There has also been no commitment to the number of beds that would be specifically ring-fenced for people with cystic fibrosis in the 100-bed unit that will treat many other illnesses.
We need 34 beds to deal with the daily intake of patients with cystic fibrosis. These beds cannot, as it has been suggested by those in charge, be given to other patients if people with cystic fibrosis are not there to take them.
We need cleanliness and exclusivity. We’re not asking for gold-plated oxygen tanks, we’re just asking those in power to help us stay alive in rooms that comply with international standards.
This litany of broken promises is embarrassing for Ireland. When I talk to patients or parents of young children abroad they are continuously shocked by the standard of care for CF patients here.
They have offered money to sort out our Irish mess.
I do not want to die in our Irish mess.
The eight single en-suite rooms at the national referral centre are not enough. We deserve single en-suite rooms when we present at hospital with a mild exacerbation or a painful, collapsed lung. It is the only way to get full quality treatment for most patients with multi-faceted cystic fibrosis.
People waiting on the transplant list deserve to be in single en-suite cubicles.
This time coming into hospital, I didn’t have to go through AE, but I will have to again. This time, no one used the room I slept in as a toilet or had MRSA or screamed throughout the night, forcing me to sleep in the corridor.
But it will happen again and is happening to other people with cystic fibrosis around Ireland who are exposed to life-threatening cross-infection as you read this.
The Pollack report was published in 2005. It In reality, very little has changed since then for CF inpatients. When building eventually starts on the unit, it will take 14 months to complete.
We live in hope with a heavy dollop of cynicism, as always.
I walked by the site in the sunshine the other day during physiotherapy. It sits there, decanted and waiting, just like the rest of us.
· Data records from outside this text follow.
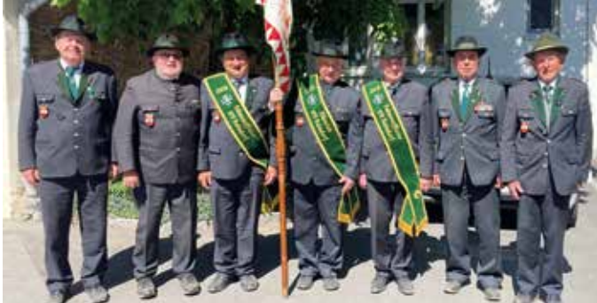
Die 7 Teilnehmer des ÖKB OV Kaindorf an der Jubiläumsfeier in Bernstein
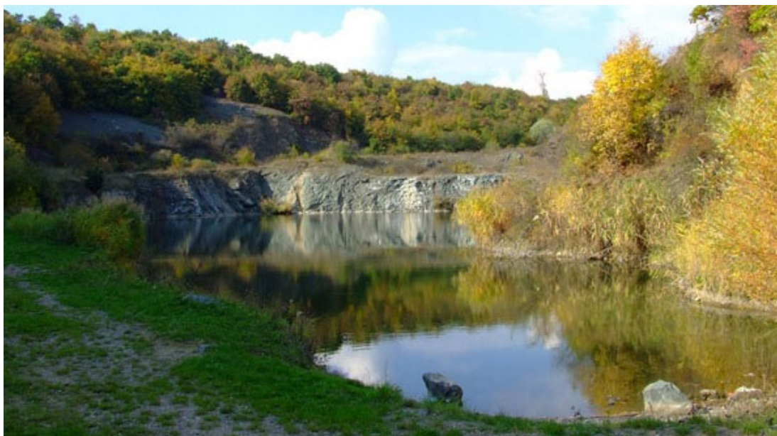
Forrás: Minden, ami Egert: Egerbakta bányató
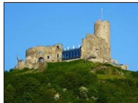
Herrlicher Balkonblick Burg Landskron

Unsere mittelalterliche Stadt lädt zum Verweilen ein. Die Umgebung bietet vielfältige Rad- und Wandermöglichkeiten, auch Tagesausflüge nach Trier, Koblenz, Cochem oder Luxemburg sind sehr beliebt. Die Kombination aus gutem Essen und den dazu passenden Weinen sollten Sie selbst erleben.
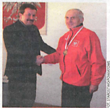
Starosta bialski wita Mistrza Polski

i jeden brązowy. Podczas spotkania wódcarz powiatu podziękował sportowcowi za wielokrotne reprezentowanie naszego kraju powiatu na zawodach krajowych oraz międzynarodowych. – Gratuluję panu – mówił podczas spotkania starosta, determinacji, zaangażowania i wyników. Kolejny złoty medal w pana kolekcji jest dowodem na to, że jest pan wyjątkowym sportowcem.
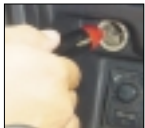
Adaptador para conectar la báscula al encendedor del automóvil.
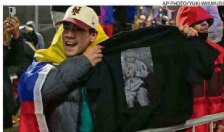
Las protestas a favor y en contra de lo ocurrido se mantuvieron ayer.

Luego el propio Trump se refirió a la decisión de mantener a Delsy Rodríguez, pero lo hizo con una amenaza. "Si no hace lo correcto, pagará un precio muy alto, probablemente mayor que Maduro", dijo a The Atlantic.
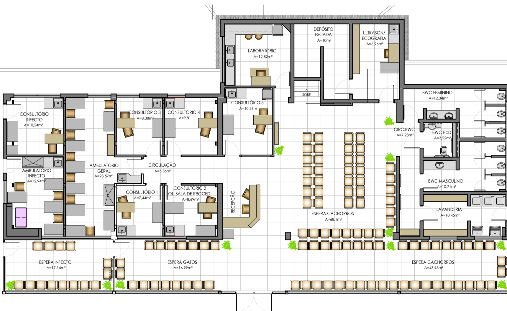
PAVIMENTO TÉRREO ESCALA: 1/125 ÁREA 364m 2
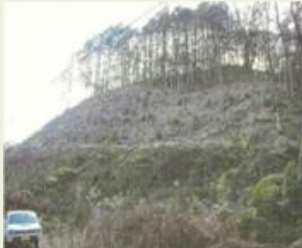
下仁17 下町(伊勢山) 森林整備
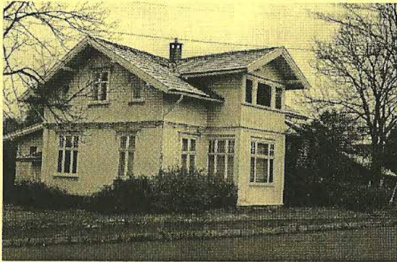
Kaggen gård 1992

If there’s such a thing as campaigners fatigue, I may be experiencing it. I have been writing the same thing for five years. It’s a depressing thought that I will be doing it for another five”.
I salute Orla Tinsley for writing this courageous article. It’s a damning indictment of our government’s appalling lack of commitment to CF patients who continue to be exposed to life-threatening cross-infection. The Irish political system is rotten to the core if it can allow this issue to continue. It’s just not fair!